Information shown =>
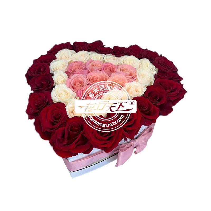 红、白、粉三种进口顶级玫瑰组成心型、礼盒装.
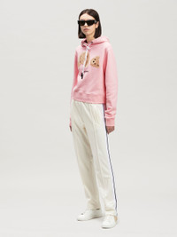 LONG SLEEVES HOODED SWEATSHIRT IN BLOSSOM PINK COTTON WITH BEAR GRAPHIC EMBROIDERED AT FRONT. "PALM ANGELS" LOGO PRINTED IN BLACK AT FRONT. WHITE LOGOED DRAWSTRINGS. FABRIC 100% COTTON - EMBROIDERY 45% ACRYLIC 45% WOOL 5% COTTON 5% POLYESTER - RIB DETAIL 3% ELASTAN 97% COTTON MODEL MARGHERITA WEARS SIZE S HEIGHT: 5.9" (180 CM) BUST: 30.7” (78 CM) WAIST: 22.8” (58 CM) HIPS: 34.6” (90 CM) PRODUCT ID: PWBB022C99FLE0013460
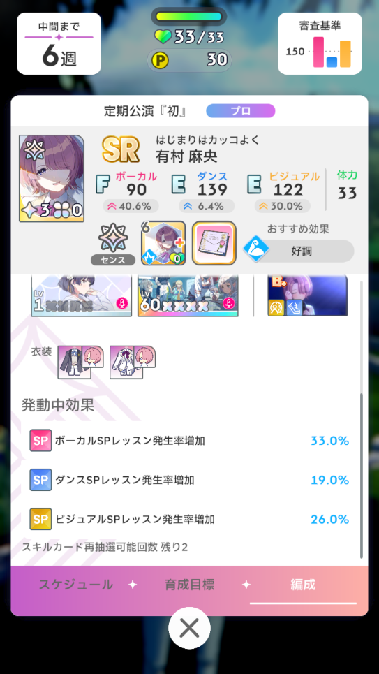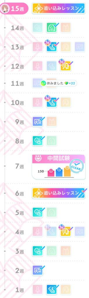 「総合芸術」をメモリーで所持していなかったため、スキルカード再抽選の権利を15週の追い込みレッスン後まで残しておきました。最終試験前の追い込みレッスン後に得られるスキルカードは虹スキルカードの確率が高いので、メモリーにない場合はこのような立ち回りもありです。

Directions for this task => All of the lines above should be printed exactly, minus the pictures.

The completed task =>
 红、白、粉三种进口顶级玫瑰组成心型、礼盒装.
 LONG SLEEVES HOODED SWEATSHIRT IN BLOSSOM PINK COTTON WITH BEAR GRAPHIC EMBROIDERED AT FRONT. "PALM ANGELS" LOGO PRINTED IN BLACK AT FRONT. WHITE LOGOED DRAWSTRINGS. FABRIC 100% COTTON - EMBROIDERY 45% ACRYLIC 45% WOOL 5% COTTON 5% POLYESTER - RIB DETAIL 3% ELASTAN 97% COTTON MODEL MARGHERITA WEARS SIZE S HEIGHT: 5.9" (180 CM) BUST: 30.7” (78 CM) WAIST: 22.8” (58 CM) HIPS: 34.6” (90 CM) PRODUCT ID: PWBB022C99FLE0013460
 「総合芸術」をメモリーで所持していなかったため、スキルカード再抽選の権利を15週の追い込みレッスン後まで残しておきました。最終試験前の追い込みレッスン後に得られるスキルカードは虹スキルカードの確率が高いので、メモリーにない場合はこのような立ち回りもありです。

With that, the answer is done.